* _What to work on_:
Could you copy each line of the listing below that has the word "dzieci"?

* _Records supplied_:
┄┄┄┄┄┄┄┄┄┄┄┄┄┄┄┄┄┄┄┄
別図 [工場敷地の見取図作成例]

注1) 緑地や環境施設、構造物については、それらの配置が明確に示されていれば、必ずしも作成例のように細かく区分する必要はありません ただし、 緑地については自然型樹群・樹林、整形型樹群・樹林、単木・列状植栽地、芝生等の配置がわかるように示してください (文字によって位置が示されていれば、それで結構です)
┄┄┄┄┄┄┄┄┄┄┄┄┄┄┄┄┄┄┄┄
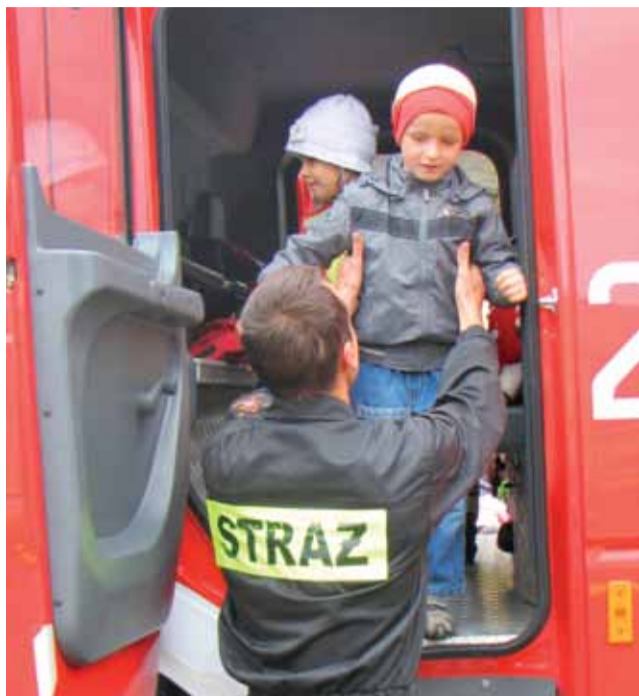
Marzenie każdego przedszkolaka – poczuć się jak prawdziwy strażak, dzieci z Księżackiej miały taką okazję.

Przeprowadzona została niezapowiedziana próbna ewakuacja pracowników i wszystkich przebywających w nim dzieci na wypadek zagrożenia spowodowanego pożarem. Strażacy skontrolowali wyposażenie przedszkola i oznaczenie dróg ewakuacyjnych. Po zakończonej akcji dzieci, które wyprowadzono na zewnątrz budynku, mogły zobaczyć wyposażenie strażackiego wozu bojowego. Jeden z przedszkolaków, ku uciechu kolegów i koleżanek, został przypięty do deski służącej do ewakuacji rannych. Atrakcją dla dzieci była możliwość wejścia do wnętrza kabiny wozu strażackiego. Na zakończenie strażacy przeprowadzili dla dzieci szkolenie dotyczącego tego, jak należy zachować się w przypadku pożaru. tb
┄┄┄┄┄┄┄┄┄┄┄┄┄┄┄┄┄┄┄┄
* _Result of this exercise_:
Marzenie każdego przedszkolaka – poczuć się jak prawdziwy strażak, dzieci z Księżackiej miały taką okazję.
Przeprowadzona została niezapowiedziana próbna ewakuacja pracowników i wszystkich przebywających w nim dzieci na wypadek zagrożenia spowodowanego pożarem. Strażacy skontrolowali wyposażenie przedszkola i oznaczenie dróg ewakuacyjnych. Po zakończonej akcji dzieci, które wyprowadzono na zewnątrz budynku, mogły zobaczyć wyposażenie strażackiego wozu bojowego. Jeden z przedszkolaków, ku uciechu kolegów i koleżanek, został przypięty do deski służącej do ewakuacji rannych. Atrakcją dla dzieci była możliwość wejścia do wnętrza kabiny wozu strażackiego. Na zakończenie strażacy przeprowadzili dla dzieci szkolenie dotyczącego tego, jak należy zachować się w przypadku pożaru. tb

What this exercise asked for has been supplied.